I look over at him and stop. He's smiling at me in a way that's sort of confusing. “Maybe that should be your new slogan,” he says. “SOMETHING'S GOTTA BE DONE! You could get people to sign pledges at your lunch table.” He's never mentioned my YAC work before. I wouldn't have thought he'd noticed. “Or how about this: I'M GOING TO CHANGE EVERYONE'S LIFE!”

The first comment was funny. This second one seems mean, especially considering what he wrote on my sheet. Theoretically this is what he
likes
about me. “I'm not talking about changing everyone's life. I'm saying this is a vulnerable group that's being ignored right now. No one's helping them get what they really need, which are
jobs
. A sense of productivity. Forget relationships, they need
work.

“You want to go out and find twenty jobs for those people?”

“Well, someone should! God, Lucas, you know them as well as I do. They're capable people. You like them.”

“I
do
like them.”

“Then why aren't you agreeing with me? I'm just saying there should be laws that make it easier for these people to get jobs.”

“Okay. I agree. I just don't think screaming about it in
a car to me helps anybody. I'd rather think of something I could do.”

“Like what?”

“I don't know. I'm still thinking.”

“Like volunteering in this class? Do you think that's helped anyone?”

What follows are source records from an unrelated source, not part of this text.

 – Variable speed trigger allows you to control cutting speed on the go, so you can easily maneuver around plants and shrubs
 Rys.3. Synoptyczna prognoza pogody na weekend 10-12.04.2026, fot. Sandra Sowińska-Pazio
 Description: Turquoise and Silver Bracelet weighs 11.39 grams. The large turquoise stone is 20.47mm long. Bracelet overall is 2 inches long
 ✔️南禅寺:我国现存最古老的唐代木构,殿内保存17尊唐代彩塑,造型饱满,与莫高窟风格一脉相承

“I don't know.” He thinks for a minute and shakes his head. “Not really.”

It seems as if we're getting too close to saying what I've really wanted to say, what we've both avoided saying since Belinda came back to school. Our crime involved her and our punishment hasn't done a thing to help her.

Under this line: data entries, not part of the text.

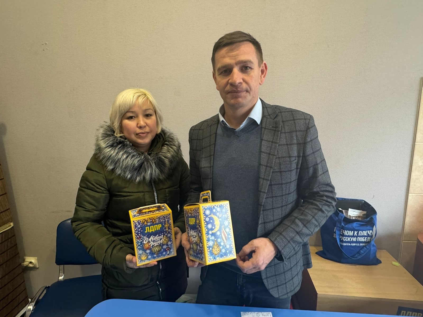 Партийцы традиционно подготовили для юных земляков сладкие призы
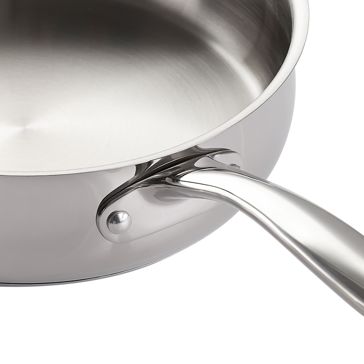 Сковорода выполнена из нержавеющей стали — материала, сохраняющего первозданный вид на протяжении долгого времени интенсивной эксплуатации. Контактирует с пищевыми продуктами, не вступая с ними в реакцию и не окисляясь.
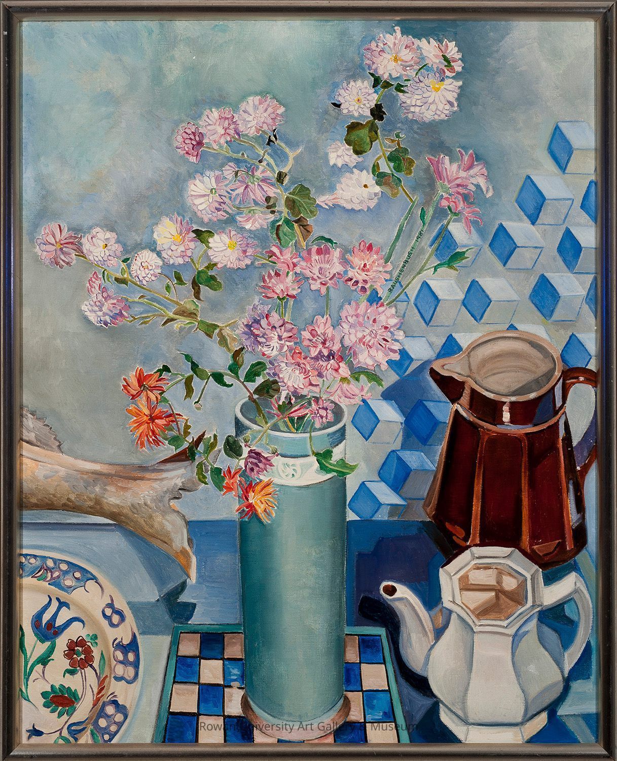 Still life with white, pink, and purple flowers in a cylindrical decorative vase on a checkerboard trivet, positioned between a fish tail and ceramic plate with floral motifs on the left, and a brown ceramic pitcher, white ceramic teapot, and floating cube forms on the rightType of Painting
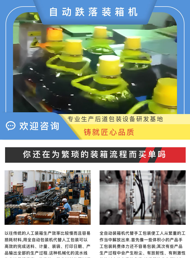 介紹:自動(dòng)跌落裝箱機(jī)。專業(yè)生產(chǎn)后道包裝設(shè)備研發(fā)基地鑄就匠心品質(zhì)。你還在為繁瑣的裝箱流程而買單嗎?以往傳統(tǒng)的人工裝箱生產(chǎn)效率比較慢而且容易損耗材料,用全自動(dòng)包裝機(jī)代替人工包裝可以的完成送料、計(jì)量、裝袋、打印日期、產(chǎn)品輸出全部的生產(chǎn)過(guò)程。這種機(jī)械化的流水線生產(chǎn)計(jì)量精度高、效率快、節(jié)省材料的同時(shí)還減少了人工成本。 全自動(dòng)裝箱機(jī)代替手工包裝使工人從繁重的工作當(dāng)中解放出來(lái)。像一些體積小的產(chǎn)品手工包裝耗費(fèi)體力還不容易包裝;其次有些產(chǎn)品生產(chǎn)過(guò)程中會(huì)產(chǎn)生粉塵、有放射性、有刺激性的的對(duì)人體有毒的危害。該機(jī)器的產(chǎn)生可以的解決這些問(wèn)題。 產(chǎn)品別稱:裝箱機(jī)、裝盒機(jī)、自動(dòng)裝箱機(jī)、自動(dòng)裝盒機(jī)、跌落式裝箱機(jī)、側(cè)推式裝箱機(jī)、抓舉式裝箱機(jī)、機(jī)器人裝箱機(jī)、一片式裹包機(jī)、食用油跌落式裝箱機(jī)。
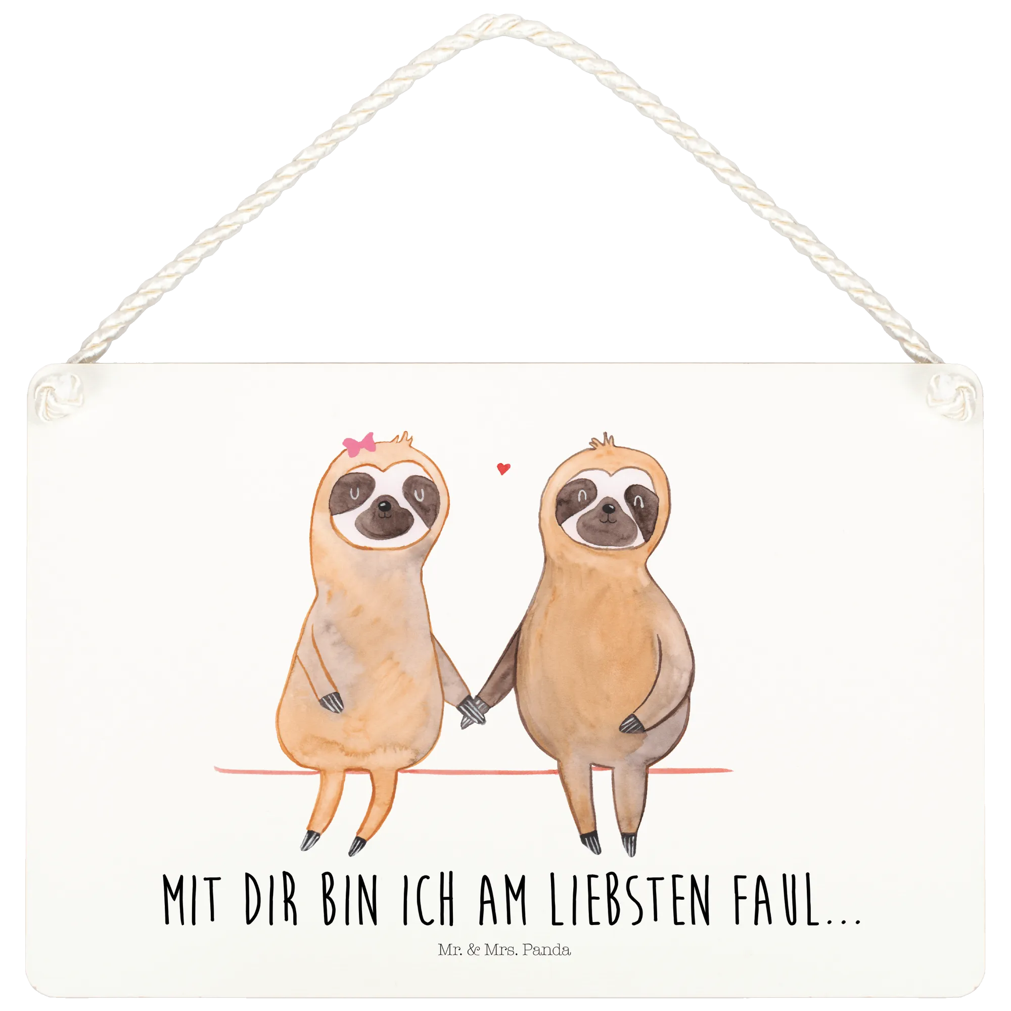Dekoracyjny znak leniwiec para - DIN A5 - z napisem - biały

I drive in silence for a while until I pull onto Lucas's street. “Let me know if you think of something,” I say. It comes off as more sarcastic than I intend it to. I know he does care. He's a more reliable, better volunteer than Chad. It's possible Lucas understands what I don't want to admit: that nothing we're doing will help Belinda. Or—when you get right down to it—anyone else.